2.2 Properties and Defect Study of 3C-SiC
Raman scattering measurements are performed on total 20 sites across the
entire wafer surface. All spectra are nearly the same, only the peak at
796 cm-1 is present (Figures 2a, b). The peak
is assigned to be the 3C-SiC’s transversal optical mode
(TO).[32-34] Another characteristic mode, the
longitudinal optical one (located at 975 cm-1), which
is dependent on the carrier density, does not appear. No folded
transverse optical modes at 776 and 707 cm-1 for 4H-
and 6H-SiC are observed.[34, 35] A small peak
(marked by an arrow) at 741 cm-1 are probably due to
the stacking faults or stress.[32, 33] To obtain
the information on the evolution of the transition from 4H to 3C, we
conduct the Raman scattering measurements on a cross section of the
grown boule and the results are shown in Figure 2b and Figure S3. It is
clearly seen that the 3C occurs immediately at the upper surface of the
seed, following a transition zone (TZ) about 20 μm consisting of both 3C
and 4H. The single phase of 3C is maintained throughout the boule. The
observation of photoluminescence (PL) at 523 nm (Figure 2c) corresponds
well to the bandgap of 2.36 eV, further confirming the 3C polytype.

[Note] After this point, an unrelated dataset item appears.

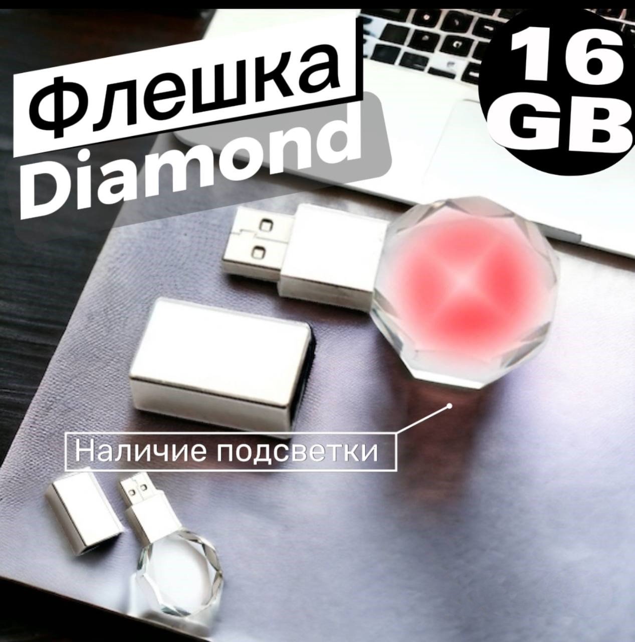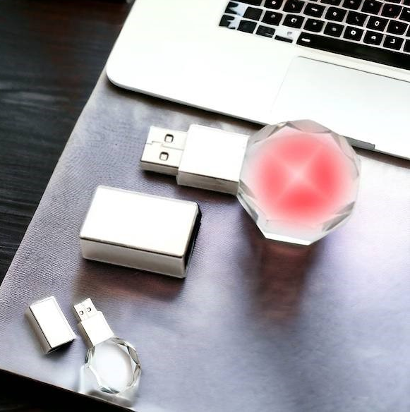 - Эстетика и индивидуальность: Флешка “Diamond” подчеркивает ваш индивидуальный стиль и вкус благодаря своему элегантному дизайну и подсветке, что делает ее не только функциональным устройством, но и стильным аксессуаром.

The boule surface is quite flat, but growth steps of
9~22 nm are clearly seen (Figure S4). Single crystal and
powder X-ray diffraction results on small grains cracked from the boule
confirm the polytype is 3C with refined lattice parameter a =
4.3563(4) Å (Figure S5 and Tables S1-2), similar to the previously
reported results.[8] Plan-view high-angle annular
dark field scanning transmission electron microscopy (HAADF-STEM) taken
on a spherical aberration TEM (Figure 2d) clearly identifies Si and C
atoms arrayed in a manner of ABC sequence. The selected area diffraction
pattern shown in inset of Figure 2d along\(\left[1\overset{\overline{}}{1}0\right]\) zone axis
(Z.A.) is well indexed based on a space group of F -43m. Electron
energy loss spectrum (EELS) mapping results (Figure S6) indicate the
homogeneous distribution of C and Si at a nanoscale level. Energy
dispersive spectroscopy (EDS) mapping results also indicate the
homogeneous distribution of Si, C and N (Figure S7).